(Stored dataset items)
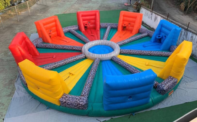 - OCCUPANCY: A maximum of 5-6 kids of equal size at one time for bounce houses, and 1 person at a time for slides is what most inflatable manufacturers recommend.
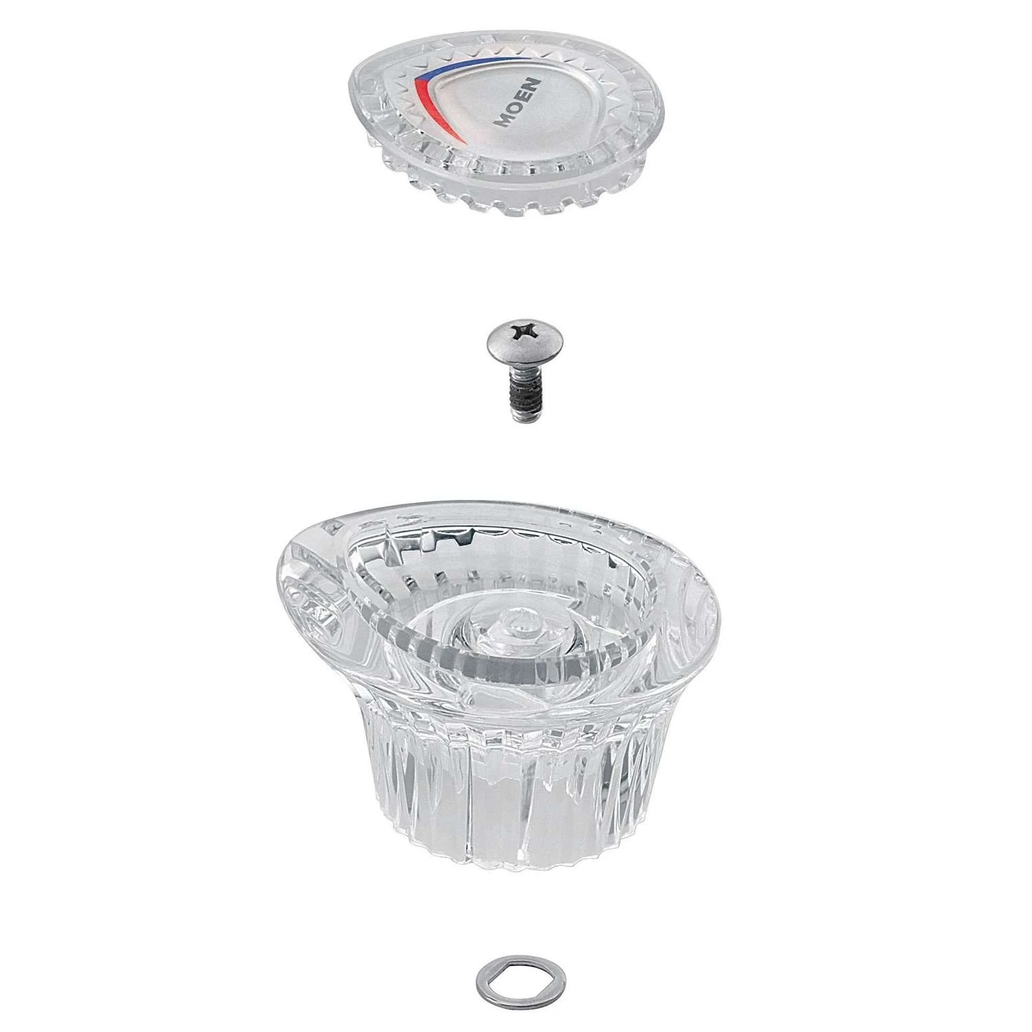 The MOEN Chateau Lavatory Replacement Knob Handle Kit is designed to fit MOEN one-handle lavatory faucets. The knob is made of durable acrylic and has a clear design. Hardware and installation instructions included.Clear acrylic knobReplacement knob fits 1-handle bathroom sink faucetsIdeal for repairing problematic faucets instead of replacing themHardware includedHandle cap included
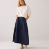 Stoere rok van taft met een tailleband aan de voorkant en elastiek achter voor extra comfort. De rok is uitgevoerd met steekzakken en platte plooien, en valt wijd uit.
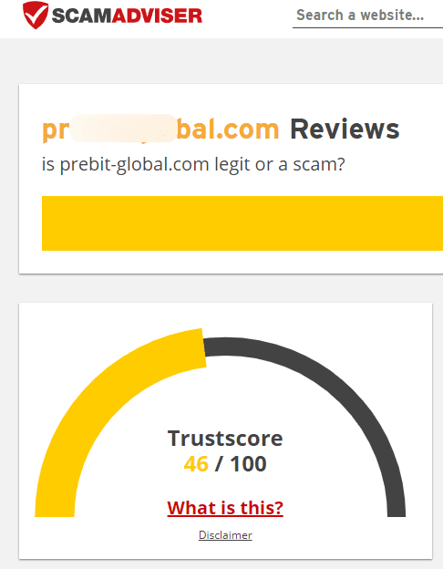 ScamAdviser 사이트에서 조회한 결과입니다. Trustscore가 낮은 경우 또는 결과 자체가 없는 경우는 해당 사이트를 피하는 것이 좋습니다.
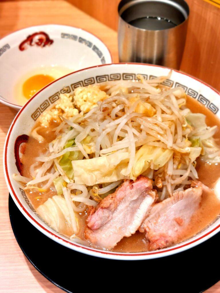 トッピングの生玉子を投入して全体をまろやかに。ペッパーや唐辛子でちょい味変をして最後まで飽きずに完食です!脳汁開放の満足感とともに丼をカウンター上に置いて颯爽と退店。また2週間後くらいに食べたくなりそう…!
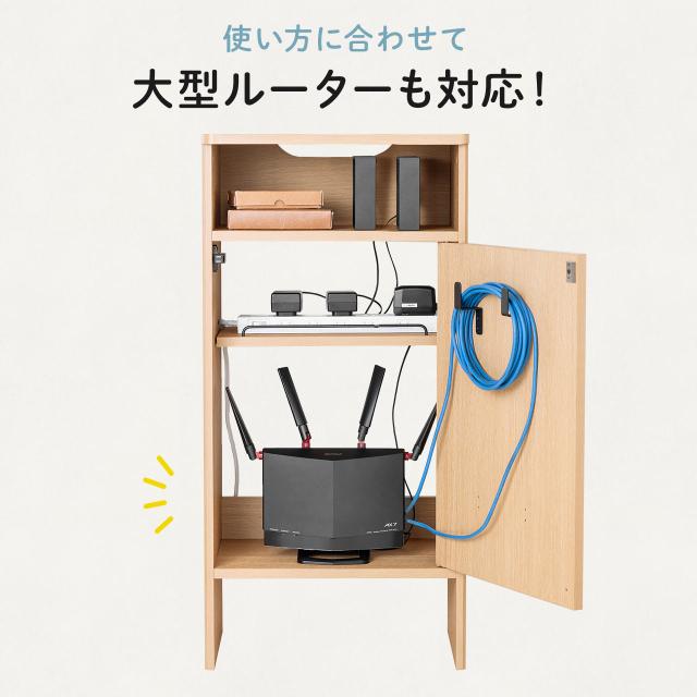 ●本体はすべて木製なので無線ルーターなどのWi-Fi機器を収納しても電波障害がありません。
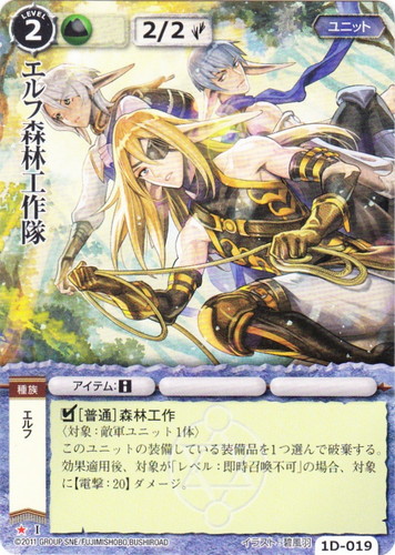 ![]() ![]() | エルフ森林遊撃隊 ユニット キャラクター・パックWHITE ▲ 属性:土 種族:エルフ レベル:(2) 攻撃力:1 防御力:1 進軍タイプ:歩行 スペル:土 □射撃[普通/対抗] ユニット1体が対象。対象ユニットが「進軍タイプ:飛行/長距離飛行」の場合、【2】ダメージを与える。 illustrated by Ichi |
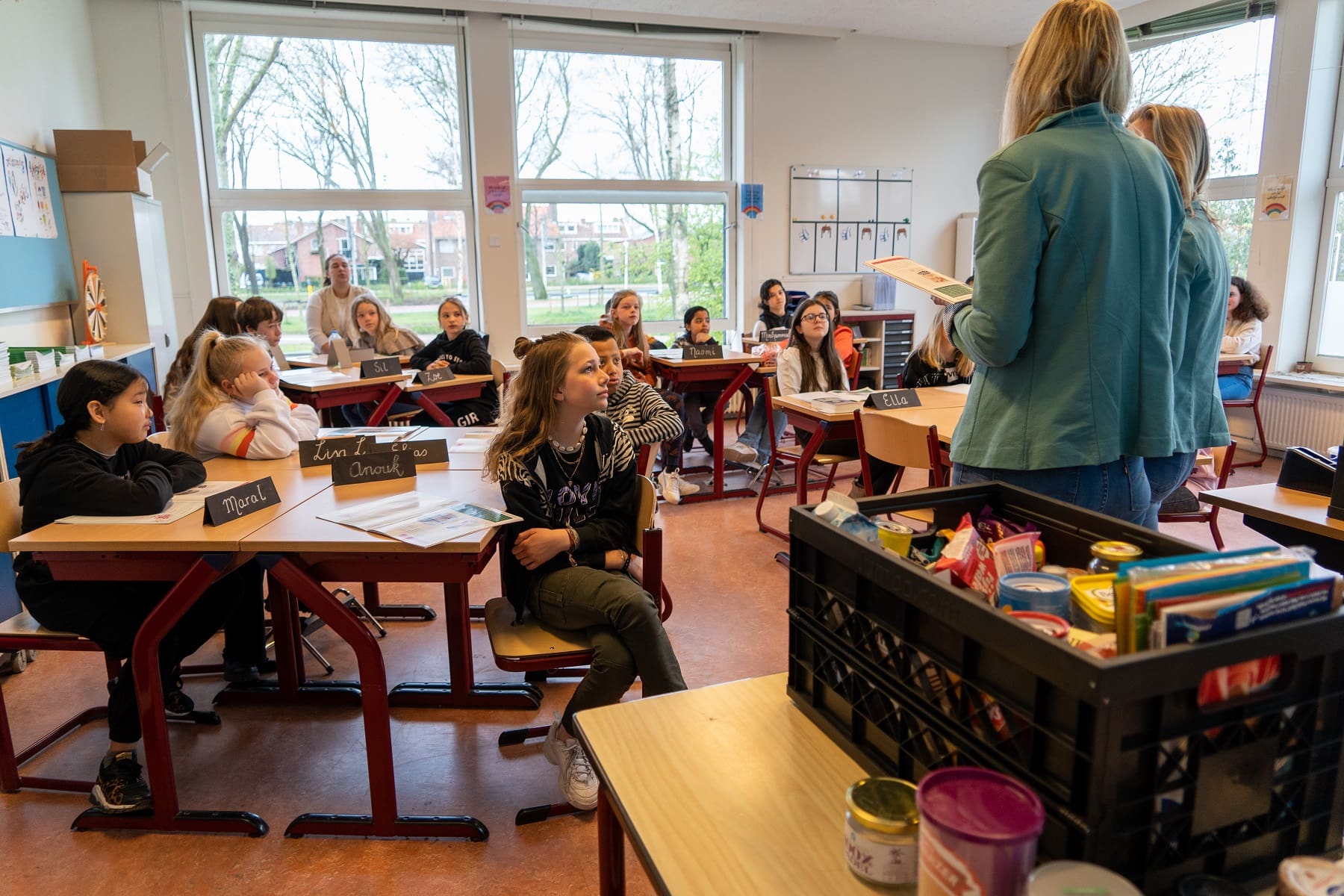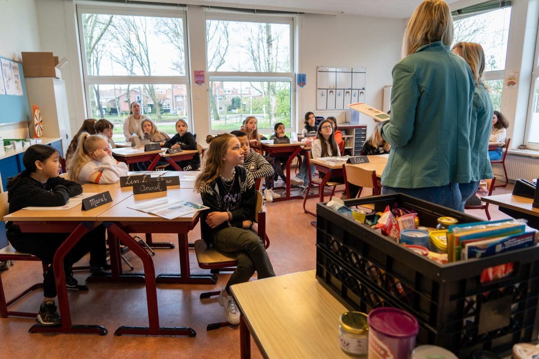 ‘Vandaag gaan we naar groep zeven. Vandaag hebben we de etiketten check. We worden vaak misleid door wat er in de winkel staat. Draai eens een product om, wat zit er in? Dan is het soms wel even schrikken. Super belangrijk om dat te checken. Dat leren we de kinderen vandaag.’

§ **PROBLEM STATEMENT**:
Could you transcribe exactly the lines from the one with "ScamAdviser 사이트에서 조회한" through the end of the data, both ends included, and nothing else, skipping the pictures?

§ **RESPONSE**:
 ScamAdviser 사이트에서 조회한 결과입니다. Trustscore가 낮은 경우 또는 결과 자체가 없는 경우는 해당 사이트를 피하는 것이 좋습니다.
 トッピングの生玉子を投入して全体をまろやかに。ペッパーや唐辛子でちょい味変をして最後まで飽きずに完食です!脳汁開放の満足感とともに丼をカウンター上に置いて颯爽と退店。また2週間後くらいに食べたくなりそう…!
 ●本体はすべて木製なので無線ルーターなどのWi-Fi機器を収納しても電波障害がありません。
 ![]() ![]() | エルフ森林遊撃隊 ユニット キャラクター・パックWHITE ▲ 属性:土 種族:エルフ レベル:(2) 攻撃力:1 防御力:1 進軍タイプ:歩行 スペル:土 □射撃[普通/対抗] ユニット1体が対象。対象ユニットが「進軍タイプ:飛行/長距離飛行」の場合、【2】ダメージを与える。 illustrated by Ichi |
 ‘Vandaag gaan we naar groep zeven. Vandaag hebben we de etiketten check. We worden vaak misleid door wat er in de winkel staat. Draai eens een product om, wat zit er in? Dan is het soms wel even schrikken. Super belangrijk om dat te checken. Dat leren we de kinderen vandaag.’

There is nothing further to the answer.